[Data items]
========================================================================

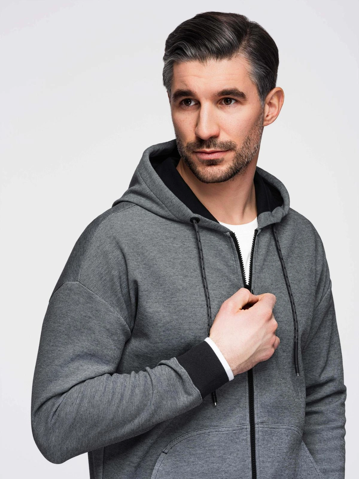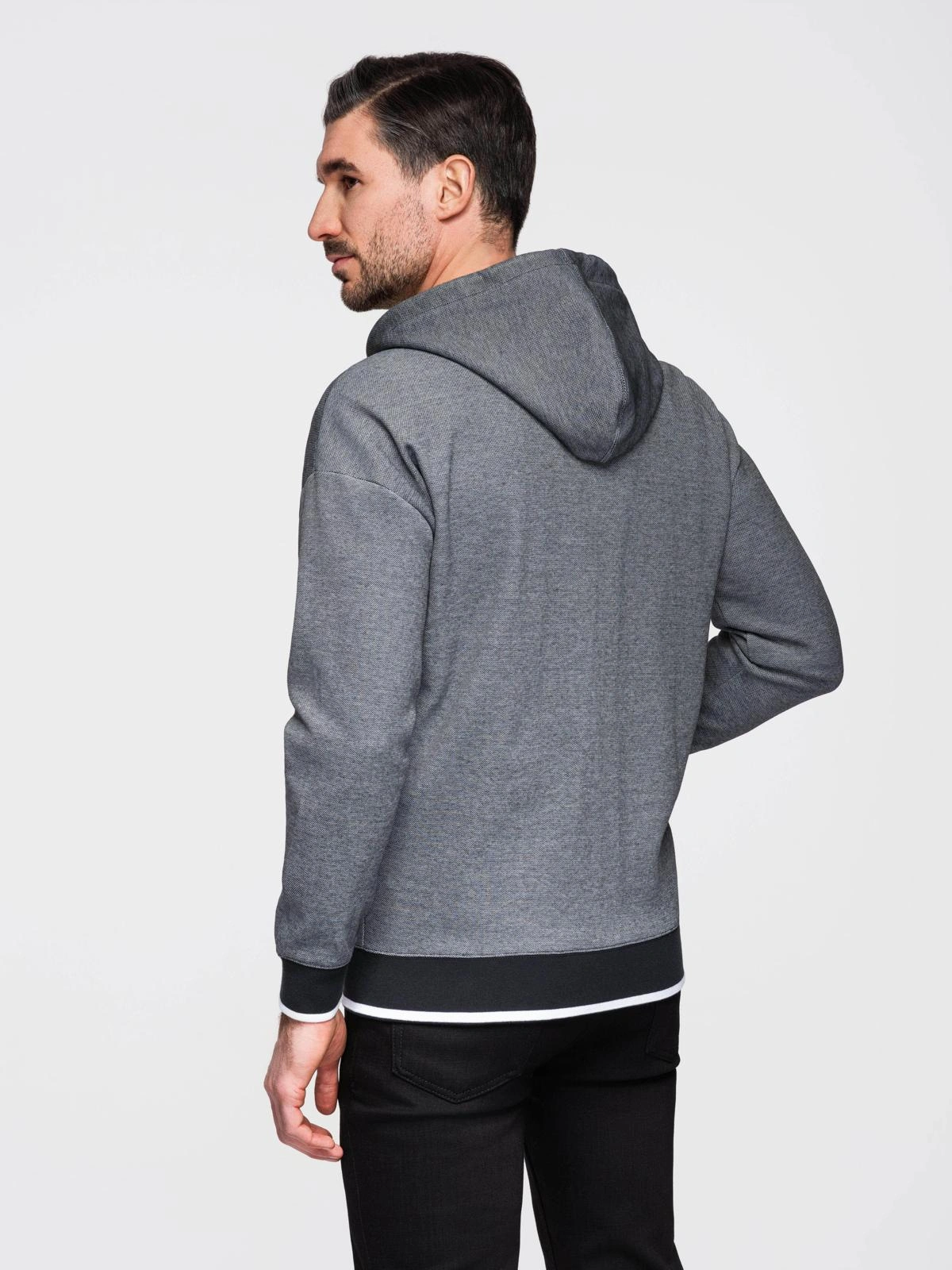 Men's softly structured hooded sweatshirt - black V1 OM-SSZP-0191
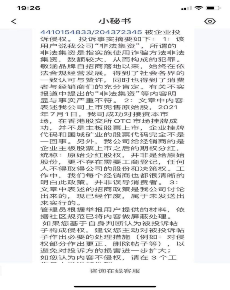 2021年12月6日,清扬君收到某自媒体平台的信息,提醒《敏涵控股【声明】自相矛盾 “原始股分红”岂能随意解读》一文遭到投诉,被投诉理由如下:
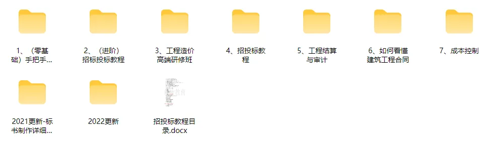 该资料合集招投标学习资料大全,零基础入门到独立完成标书,工程结算与审计,招标开标评标全流程模板等(共计116.15GB)
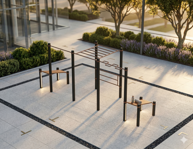 Элементы комплекса позволяют выполнять упражнения на силу, выносливость, координацию и баланс, а также подходят для круговых тренировок и занятий воркаутом. Разноуровневые перекладины и дополнительные модули делают комплекс удобным как для начинающих, так и для более подготовленных пользователей.
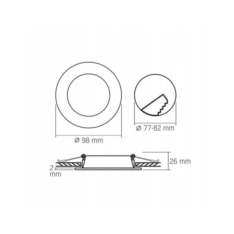 • Rozmiar otworu montażowego: Ø77-82 mm,
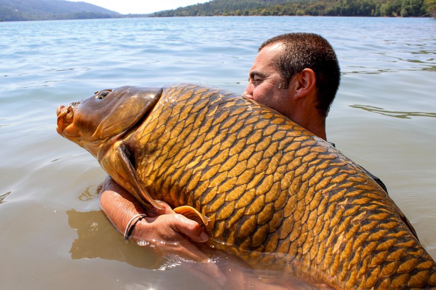 Disons qu’à l’époque il y avait beaucoup moins de gros poissons qu’actuellement. Certaines eaux étaient réputées pour cela, d’autres restaient à découvrir et beaucoup de flottes avaient une moyenne banale. Le temps passant, le réchauffement climatique, le développement de la nourriture naturelle et l’apport en nourriture exogène (bouillette, pellet…) a favorisé grandement la croissance des cheptels de nos eaux en France. Être un « spécimen hunter à l’époque signifiait que l’on avait pris un certain nombre de gros poissons, que l’on aimait la traque des gros sujets, que notre pêche était axée, orientée sur la capture des grosses carpes. À l’époque, on parlait plutôt en 25 kg+, alors qu’aujourd’hui c’est 30 kg+ directement et même davantage… J’ai toujours apporté une grande importance à la « qualité » des poissons et surtout des grands poissons que j’avais pour projet de rencontrer. Pour être plus précis, les poissons de cirque, même public, ne m’intéressent pas. Les poissons inconnus, provenant des grands espaces et eaux courantes m’ont toujours attiré, le côté mystique, sauvage, l’évasion est ma ligne de conduite depuis toujours. Même si j’ai beaucoup pêché le lac de St Cassien de 1999 à 2012, à courir après des poissons connus, ma philosophie de pêcheur est principalement axée autour de l’aventure et de l’inconnu. Le lac de St Cassien a été une histoire d’amour intense pour un ensemble de raisons, bien que certains critères me dérangeaient au plus haut point… Pression de pêche, poissons abîmés… Un amour de jeunesse !

========================================================================

= What needs to be done =
The data above is to be printed exactly, all of it, except for the pictures.

= Output for this task =
 Men's softly structured hooded sweatshirt - black V1 OM-SSZP-0191
 2021年12月6日,清扬君收到某自媒体平台的信息,提醒《敏涵控股【声明】自相矛盾 “原始股分红”岂能随意解读》一文遭到投诉,被投诉理由如下:
 该资料合集招投标学习资料大全,零基础入门到独立完成标书,工程结算与审计,招标开标评标全流程模板等(共计116.15GB)
 Элементы комплекса позволяют выполнять упражнения на силу, выносливость, координацию и баланс, а также подходят для круговых тренировок и занятий воркаутом. Разноуровневые перекладины и дополнительные модули делают комплекс удобным как для начинающих, так и для более подготовленных пользователей.
 • Rozmiar otworu montażowego: Ø77-82 mm,
 Disons qu’à l’époque il y avait beaucoup moins de gros poissons qu’actuellement. Certaines eaux étaient réputées pour cela, d’autres restaient à découvrir et beaucoup de flottes avaient une moyenne banale. Le temps passant, le réchauffement climatique, le développement de la nourriture naturelle et l’apport en nourriture exogène (bouillette, pellet…) a favorisé grandement la croissance des cheptels de nos eaux en France. Être un « spécimen hunter à l’époque signifiait que l’on avait pris un certain nombre de gros poissons, que l’on aimait la traque des gros sujets, que notre pêche était axée, orientée sur la capture des grosses carpes. À l’époque, on parlait plutôt en 25 kg+, alors qu’aujourd’hui c’est 30 kg+ directement et même davantage… J’ai toujours apporté une grande importance à la « qualité » des poissons et surtout des grands poissons que j’avais pour projet de rencontrer. Pour être plus précis, les poissons de cirque, même public, ne m’intéressent pas. Les poissons inconnus, provenant des grands espaces et eaux courantes m’ont toujours attiré, le côté mystique, sauvage, l’évasion est ma ligne de conduite depuis toujours. Même si j’ai beaucoup pêché le lac de St Cassien de 1999 à 2012, à courir après des poissons connus, ma philosophie de pêcheur est principalement axée autour de l’aventure et de l’inconnu. Le lac de St Cassien a été une histoire d’amour intense pour un ensemble de raisons, bien que certains critères me dérangeaient au plus haut point… Pression de pêche, poissons abîmés… Un amour de jeunesse !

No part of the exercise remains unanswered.